Vegan, Refined Sugar Free and Wholemeal
I hope you all had a lovely valentines day! I did exactly what I did last valentines day and ate so much gelato I got a stomach ache. A sign of a successful day I think. People always get really worked up around valentines day and I’m not sure why. It’s just a day to spread some love! I walked my dog for the first time in ages, because I love him. I made the kids I babysit some cous cous because I love them too. Why all the tears…and the photos of broken chocolate hearts and empty tubs of ice cream?!
This morning I had a vision of the perfect peach crumble. Sweet, tangy, crumbly and nutty. I looked everywhere for a recipe I could use as a guideline for using coconut butter to make the topping, and there was nothing! But then I thought, come on Lil. Strap on your thinking cap and come up with something yourself for once!
The result was ohmygodimgoingtodieamazing. The smell! The desiccated coconut and sweet butter scented the entire kitchen with peachy, mapley cinnamon goodness. The sprinkle of cherries throughout the crumble stained the peaches purple and made the house smell like fresh cherry pie. Moral of the story: make crumble for breakfast everyday. And also, think of more recipes by myself!
Cherry and Peach Coconut Crumble:
1/3 cup (50g) wholemeal flour
1/3 cup (50g) plain flour
1/3 cup (30g) desiccated coconut
1/3 cup (30g) chopped walnuts or almonds
1/3 cup (30g) brown sugar
100g (3.5 ounces) coconut butter, cut into cubes.
30ml (2 tbsp) soy or almond milk
Preheat the oven to 180C. Blitz all the dry ingredients together until combined.
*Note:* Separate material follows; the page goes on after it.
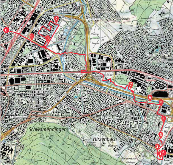 Die Exkursion, die wir Ihnen hier im Folgenden in Teilen vorstellen, führt durch ein Siedlungs- und Gewerbegebiet am Nordrand der Stadt Zürich. Das Gebiet wurde in den letzten Jahren mit dem Ausbau von Wohnsiedlungen, Gewerbegebieten, Verkehrs- und Freizeitanlagen baulich stark verdichtet. Zur Verminderung negativer Auswirkungen auf die Lebensqualität, das lokale Klima, den Wasserhaushalt und die Biodiversität wurde im Zuge der Urbanisierung auch die blau-grüne Infrastruktur ausgebaut. Dazu wurden bestehende Lebensräume ökologisch aufgewertet und vernetzt. Zudem wurden neue, künstliche blau-grüne Strukturen geschaffen.

Pour into a bowl and use your fingers to rub the coconut butter into the batter, making little lumps. Slowly add in the milk and use your fingers to turn the mix into a crumbly, sandy consistency. Don’t overmix!
For the Filling:
6-7 medium ripe yellow peaches (white will work too) sliced into eighths.
80g (3 ounces) ripe red cherries
1 tsp cinnamon
Optional: 1-2 tbsp maple syrup, depending how sweet your peaches are.
Toss the fruit with the maple syrup and cinnamon and pour into a baking dish. Top with the crumble and bake for 35 minutes, until golden on top and the fruit is cooked through. Serve warm, with coconut ice cream!